_TASK ITEM_. Give back the whole listing exactly as written, pictures excluded.

_DATA SECTION_.

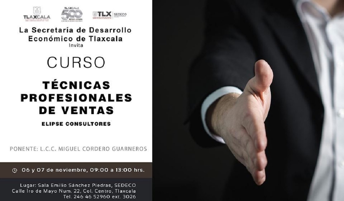 Tlaxcala, Tlax; 4 de noviembre de 2019 (Pulso) La Secretaría de Desarrollo Económico (Sedeco) invita a los dueños de Micro, Pequeñas y Medianas Empresas (Mipymes) en la entidad, así como a emprendedores y público en general a participar en el curso “Técnicas Profesionales de Ventas” que se llevará a cabo el 6 y 7 de noviembre.
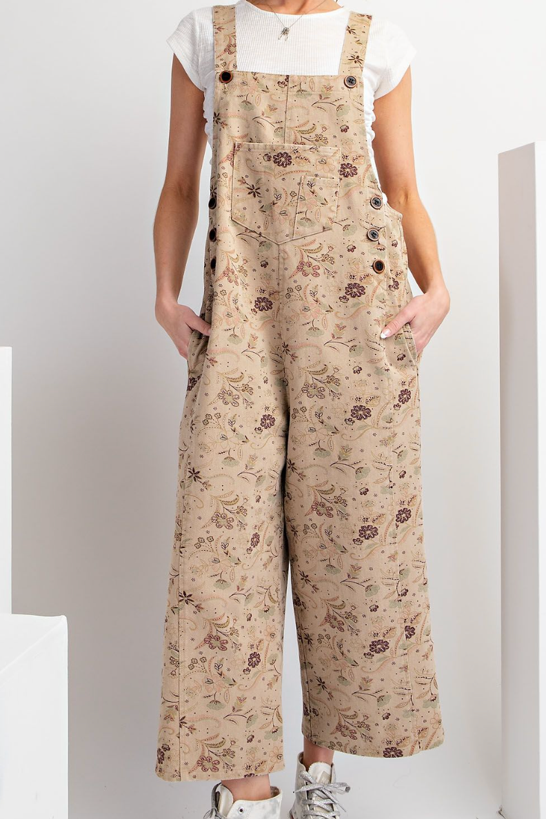 This jumpsuit with flower detailing is adorable for spring/summer! With adjustable straps, the printed jumpsuit has a loose and relaxed fit.
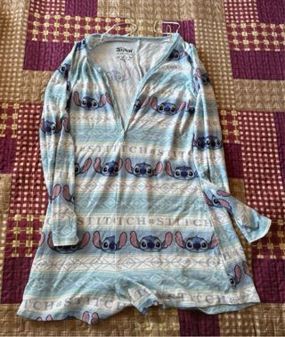 Pijama entero con estampado de Stitch. Ideal para estar cómodo en casa. - En perfecto estado, sin apenas uso, tal y como se muestra. Para mi gusto es bastante elástico y cómodo, con varios botones en la parte de delante, es enterizo arriba manga larga y abajo pantalón corto y talla de la 40 hasta la 42. - Diseño con manga larga. - Cierre de botones en la parte delantera. - Estampado repetido de Stitch y patrones geométricos.
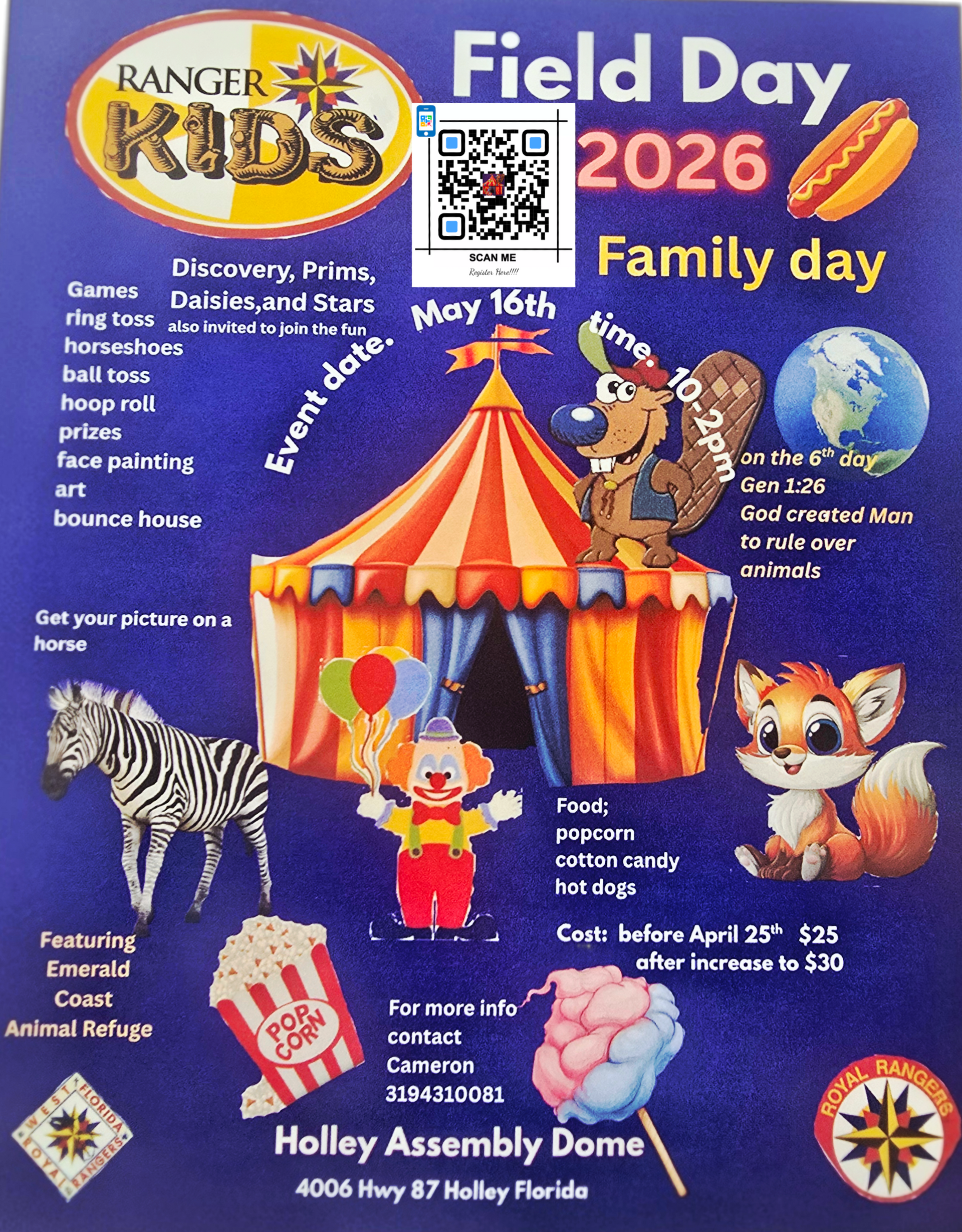 This is a carnival themed event. We have opend this up to Ranger Kids, Discovery Rangers, Girls Ministries K-5th please come be a part.

_ANSWER SECTION_.
 Tlaxcala, Tlax; 4 de noviembre de 2019 (Pulso) La Secretaría de Desarrollo Económico (Sedeco) invita a los dueños de Micro, Pequeñas y Medianas Empresas (Mipymes) en la entidad, así como a emprendedores y público en general a participar en el curso “Técnicas Profesionales de Ventas” que se llevará a cabo el 6 y 7 de noviembre.
 This jumpsuit with flower detailing is adorable for spring/summer! With adjustable straps, the printed jumpsuit has a loose and relaxed fit.
 Pijama entero con estampado de Stitch. Ideal para estar cómodo en casa. - En perfecto estado, sin apenas uso, tal y como se muestra. Para mi gusto es bastante elástico y cómodo, con varios botones en la parte de delante, es enterizo arriba manga larga y abajo pantalón corto y talla de la 40 hasta la 42. - Diseño con manga larga. - Cierre de botones en la parte delantera. - Estampado repetido de Stitch y patrones geométricos.
 This is a carnival themed event. We have opend this up to Ranger Kids, Discovery Rangers, Girls Ministries K-5th please come be a part.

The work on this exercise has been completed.